Pan-Seared Beef Tenderloin with Garlic Mushroom Butter
Tender beef tenderloin seared to perfection and finished in a rich garlic-mushroom butter sauce, perfect for a quick keto dinner. This american-inspired beef (low-carb) ready in about 30 minutes pairs beef tenderloin, butter, olive oil for a weeknight-friendly dinner that comes together with one pan and minimal cleanup. Each serving lands at about 226 calories and feeds 2, so it slots cleanly into a weekly meal plan and pairs well with a quick salad or grain on the side. Tap "Plan a meal with the AI" below to drop this recipe into your week and send the ingredients straight to Instacart. Nutrition values are approximate, calculated from USDA FoodData Central (fdc.nal.usda.gov) — verify against ingredient labels for any health-driven dietary plan.
Ingredients
- 6 oz beef tenderloin
- 1 tbsp butter
- 1 tsp olive oil
- 1 cup mushrooms
- 2 cloves garlic
- 1 tsp fresh thyme
- 1/4 tsp salt
- 1/8 tsp black pepper
Instructions
- Step 1: Pat the 6 oz beef tenderloin dry with paper towels and season evenly with 1/4 tsp salt and 1/8 tsp black pepper on both sides.
- Step 2: Heat 1 tsp olive oil and 1/2 tbsp butter in a large skillet over medium-high heat until butter foams.
- Step 3: Add the beef and sear for 3 minutes per side until golden brown, then transfer to a plate and rest.
- Step 4: Add the 1 cup sliced mushrooms to the skillet and cook for 4 minutes until they release liquid and brown slightly.
- Step 5: Add the 2 minced garlic cloves and 1 tsp fresh thyme, stirring for 1 minute until fragrant.
- Step 6: Return the beef to the skillet, reduce heat to medium, and cook for 2 minutes until warmed through, then slice and serve with the mushroom sauce.
Equipment for this recipe
Top-rated tools to make this recipe successfully.
Frequently asked questions
How long does Pan-Seared Beef Tenderloin with Garlic Mushroom Butter take to make?
Total time is about 30 minutes (15 min prep + 15 min cook). Most home cooks find this fits comfortably into a weeknight; double the batch on Sunday for two dinners.
How do I store leftover Pan-Seared Beef Tenderloin with Garlic Mushroom Butter?
Cool to room temperature within 2 hours, then store in an airtight container in the fridge for up to 4 days. Reheat covered in a 350°F oven for 10-12 minutes, or microwave at 70% power in 60-second bursts to keep beef tenderloin from drying out.
Can I substitute ingredients in Pan-Seared Beef Tenderloin with Garlic Mushroom Butter?
Yes — most ingredients in this recipe have flexible swaps. For oil, use any neutral high-smoke-point oil (avocado, grapeseed, refined coconut). For aromatics, dried herbs at ⅓ the volume of fresh work in a pinch. The full ingredient list is shoppable on Instacart so you can see substitutes in real time.
How do I scale Pan-Seared Beef Tenderloin with Garlic Mushroom Butter for a different number of people?

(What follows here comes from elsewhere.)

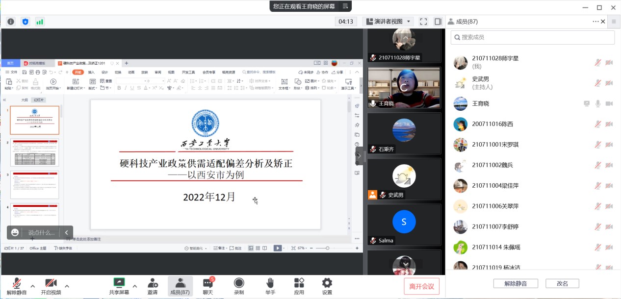 應(yīng)我校經(jīng)濟(jì)與管理學(xué)院和研究生院邀請,12月13日晚,西安工業(yè)大學(xué)經(jīng)濟(jì)管理學(xué)院王育曉教授做客我?!拔囱雽?dǎo)師論壇”,做了題為“硬科技產(chǎn)業(yè)政策供需適配偏差分析及矯正——以西安市為例”的講座,經(jīng)管學(xué)院教師及全體研究生參加報(bào)告會。

The recipe is written for 2 servings. Multiply each ingredient by (your serving target / 2). Cook time stays roughly the same up to 2x; for 3-4x batches, switch from a skillet to a sheet pan or stockpot so the food isn't crowded — overcrowding steams instead of browns.
Is Pan-Seared Beef Tenderloin with Garlic Mushroom Butter low-carb?
Yes — this recipe is tagged low-carb based on its ingredient list. Always cross-check labels for packaged ingredients (sauces, broths, condiments) since formulations vary by brand.
What others are saying
- ★★★★★
Restaurant quality! Can't believe how easy this was.
- ★★★★★
The aroma while cooking this was absolutely heavenly.